Sales of the "facelifted" Jeep Compass compact SUV -- the vehicle's body got major alterations while mechanical changes were minor -- more than tripled compared to last year. Sales of the Jeep Wrangler off-roader were also up by nearly half.
At Chrysler Group's core Chrysler brand, the 200 sedan almost doubled sales compared to the Chrysler Sebring it replaced, while sales of the entirely redesigned Chrysler 300 rose 50% compared to last year.
Toyota Motor Sales U.S.A. reported sales that were, overall, 17.5% lower than the same month last year. Toyota's production returned to normal levels during the month, the automaker said, but not in time to bring sales back to normal.
"Our plants are now working overtime and dealer deliveries will continue to increase through the remainder of 2011," said Bob Carter, who heads Toyota's core Toyota car brand in the U.S. "It's a tribute to the efficiency of our distribution system and our dealers that we were able to sell more than 121,000 vehicles in September despite 40% less availability than last year."
Sales for Honda fell 8% compared to last September with the biggest bright spots being sales for the Pilot and CR-V SUVs.

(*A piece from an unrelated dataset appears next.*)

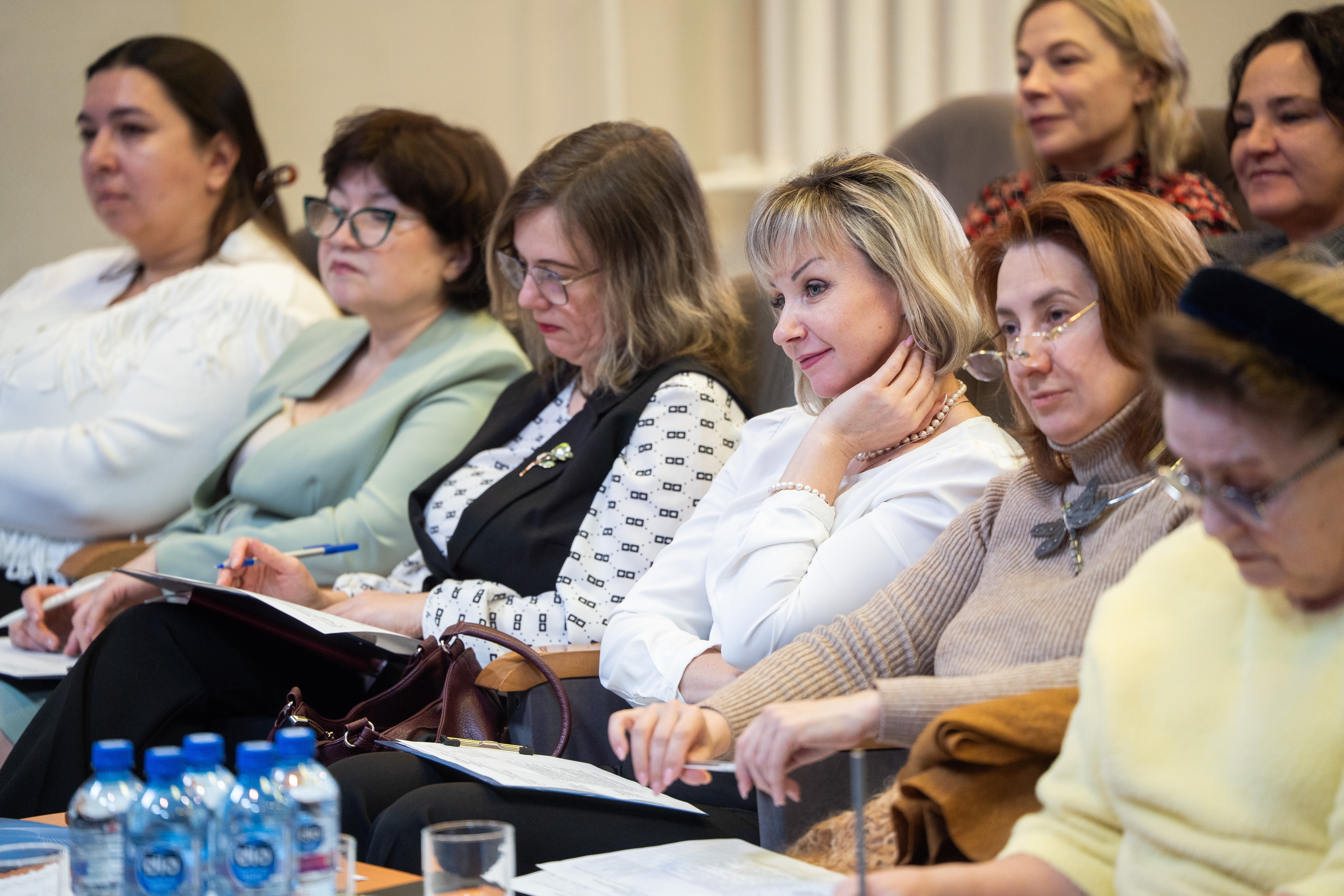 В задании «Брифинг» 10 участниц конкурса в формате короткой пресс-конференции продемонстрировали способности к конструктивному диалогу со всеми участниками образовательных отношений и представителями общественности по актуальным вопросам развития образования. Участницы обсудили вопросы в рамках Года дошкольного образования и Года единства народов России.
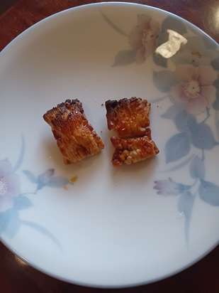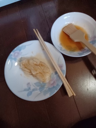 | Heat until it retains its shape. | Mix soy sauce, mirin, sugar, etc. | The shape has been distorted. | Brush with soy sauce and grill. |

"Pilot drove Honda's incentives boost this month which made it quite competitive in its segment and perhaps swayed some car buyers into a larger vehicle," said Edmunds.com analyst Jessica Caldwell. "It still appears as if Honda is slow in rebuilding its small car inventory, particularly Civic, Insight, and Fit."
"I don't think we can call inventories levels normal for Honda and Toyota until the first quarter or 2012," Toprak said. Until then, Honda and Toyota will be replenishing drastically depleted inventories, he added.
Sales of all three of those small cars were down compared to last year, with sales of the Insight, a hybrid model, down almost 70%.
Nissan broke from the other major Japanese automakers, posting a sales increase of better than 25% compared to last September. Nissan's gains were weighted more heavily toward cars, with the newly redesigned Versa subcompact selling almost 70% better than last year.